Satu lagi, bahwa bekerja di sekolah-sekolah yang katanya bertaraf bla..bla.., tuntutannya cukup tinggi. Setiap guru harus menguasai seabrek kompetensi dan melakukan seabrek peran sebagai rangkaian dari tugas bernama guru. Lagi-lagi, itu bisa jadi memberatkan, tetapi dengan kita mencintai apa yang dilakukan, semuanya terasa indah. Dan tentu saja, karena ada anak-anak dalam pekerjaanku itu.

Pernah dan itu sering terjadi, pada suatu pagi, aku datang ke sekolah dengan membawa perasaan galau dari rumah. Ketika masuk ke kelas, ternyata seorang siswaku sudah lebih dulu datang. “Miss,” dia memanggilku dengan penuh semangat sambil berlari menengadahkan kedua tangannya ke arahku pertanda ingin dipeluk. Kalau satu saja anak yang memperlakukan kita seperti itu, kita sudah sangat senang. Bagaimana jika seluruh anak di kelas yang kita ajar bisa dibuat dekat dengan kita? Seketika itu, galau-ku hilang. Aku membalas pelukannya dengan senyum-senyum hangat yang sama sekali tak perlu dibuat-buat.

Menjadi guru apalagi guru bagi usia kanak-kanak memang punya nilai tambah. Kata orang, jika stress kemudian bertemu dengan anak didik yang lucu-lucu, maka stress itu bisa hilang. Aku setuju sepenuhnya dan banyak pula teman-teman guru yang pernah kudengar mengatakan hal serupa. Lantas, jika ada guru yang justru stress setiap kali pulang dari sekolah, maka ini perlu dipertanyakan.

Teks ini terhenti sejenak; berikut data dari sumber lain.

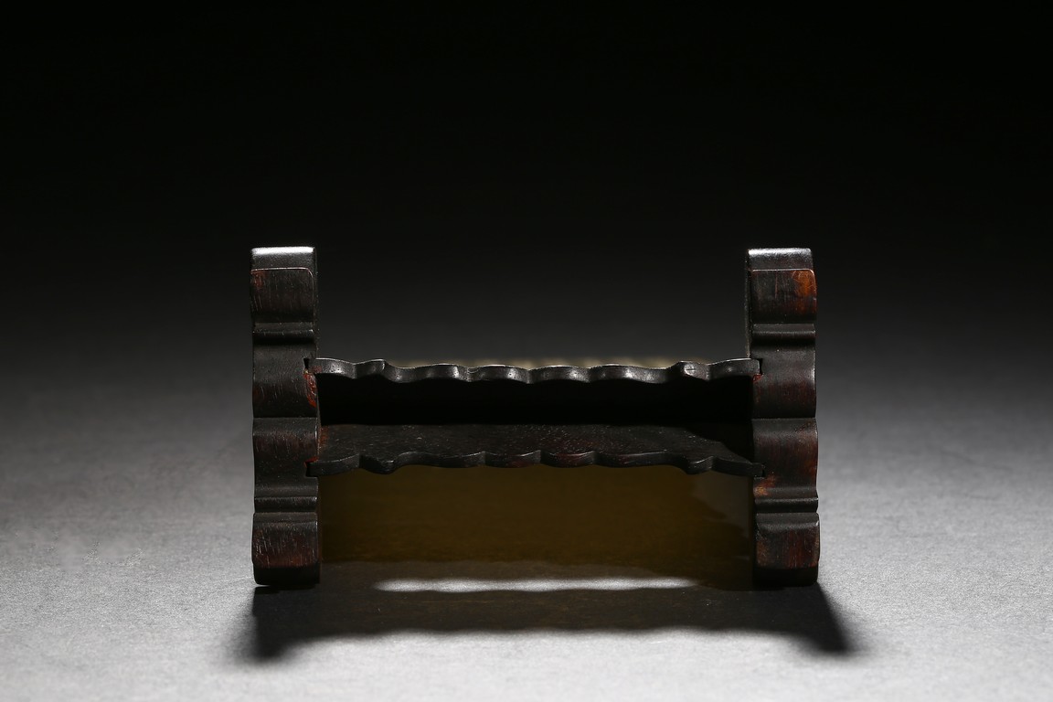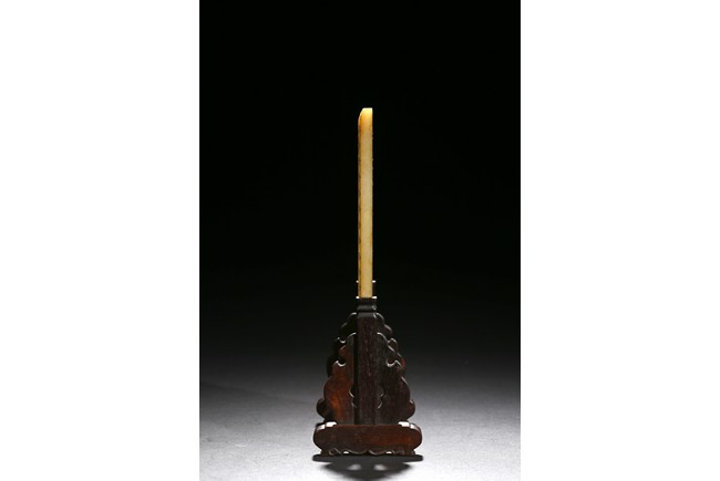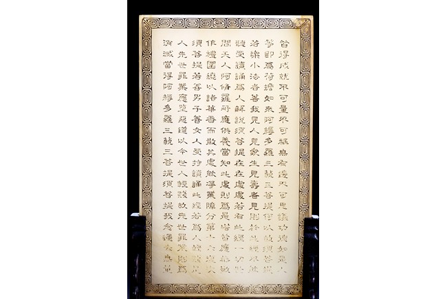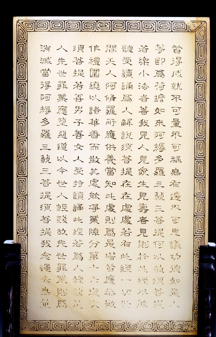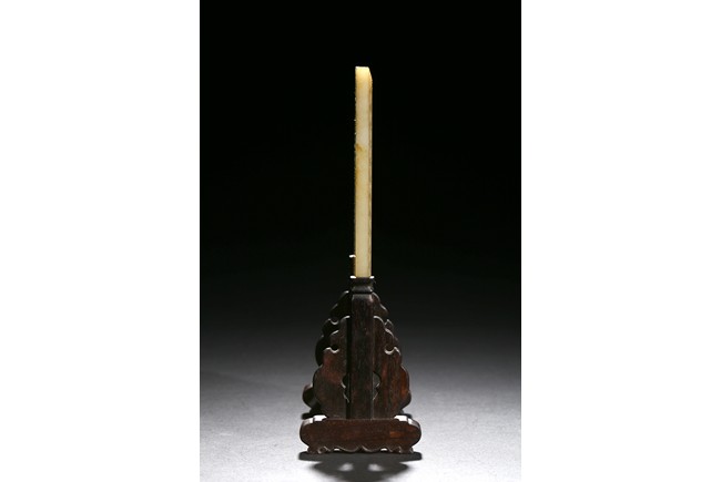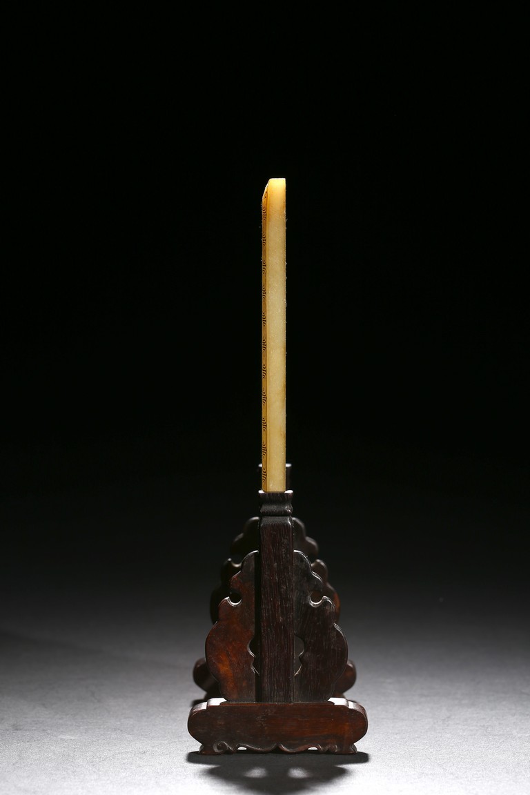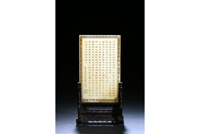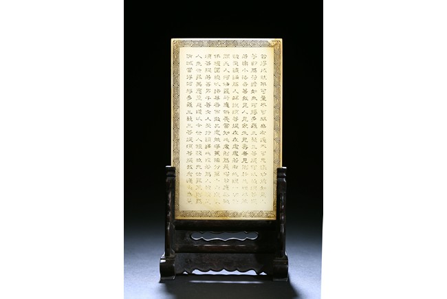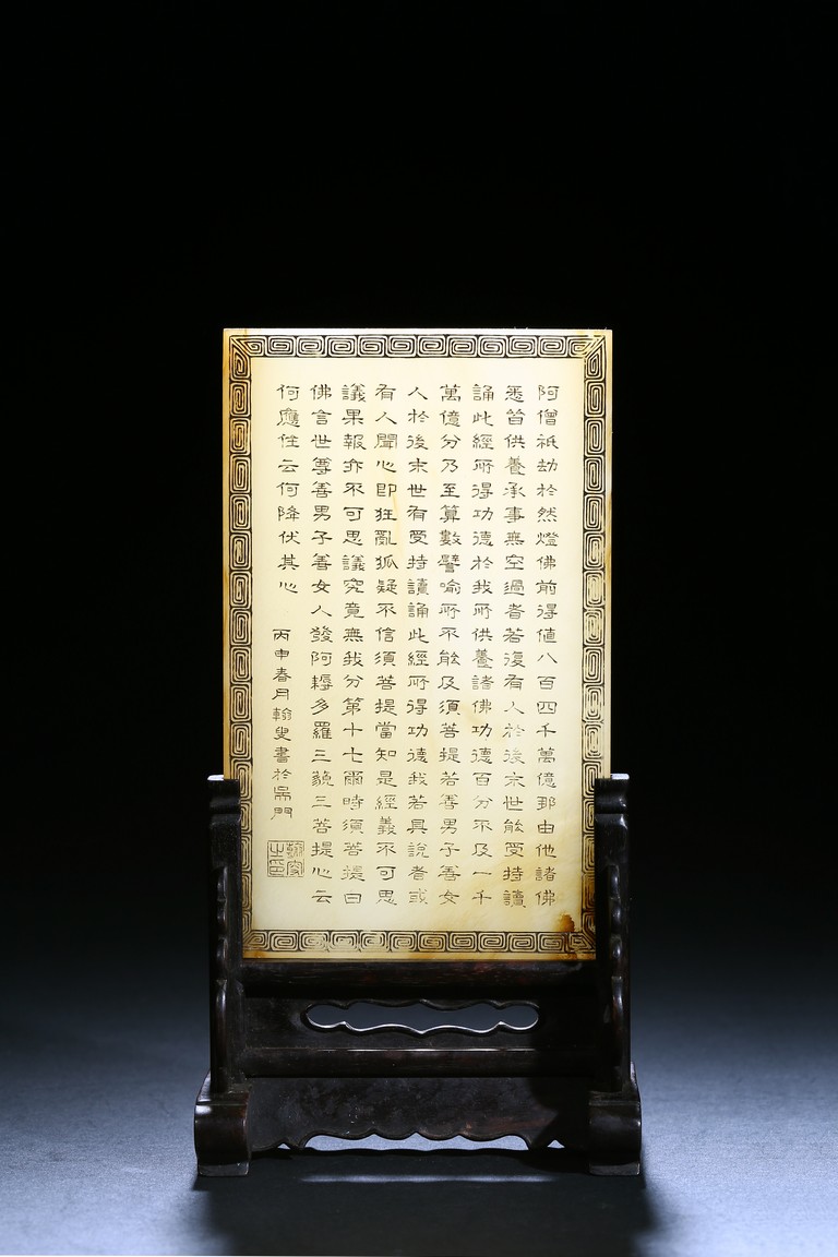 The jade screen delicately carved with poem inscription on both sides, with a key fret border along the rectangular side. Qing Dynasty period.

Nilai plus kedua dari profesi guru adalah, kita belajar parenting bahkan sebelum mempunyai anak sendiri. Melalui profesi guru, kita belajar bersabar memahami dan mengatasi aneka ragam kelakuan anak-anak. Belajar melihat berbagai hasil didikan orang tua serta pengaruh lingkungan pada anak didik. Jika orang tua mendidik anak-anaknya dengan cara A, umumnya hasilnya A. Jika anak-anak tumbuh pada lingkungan B, maka ia terbiasa berperilaku B. Maka, menjadi guru lebih dari sekedar memperlihatkan pada kita gambaran hasil didikan, tetapi juga belajar untuk menjadi problem solver. Karena anaknya sering berkata kasar, maka guru harus men-treat seperti apa anak tersebut. Kelak, jika Allah sudah mempercayakan untuk punya anak, kita sudah punya ilmu yang lulus uji.

Masih ragu untuk menjadi guru?

Kalau niatnya untuk sekedar ladang mencari uang, feel-nya akan berbeda. Jadi, kembali lagi tergantung niat dan bagaimana kita dalam prosesnya. Guru yang mencintai profesinya, mencintai anak-anak didiknya dan mau meluangkan waktu dan tenaga untuk meng-upgrade ilmu dan kompetensinya, maka setiap kali pulang sekolah, dia tidak akan pernah menyesal kenapa dulu menjadi guru. Sebab setiap hari, dia bisa pulang dengan membawa senyum. Meskipun berangkat dengan wajah masam.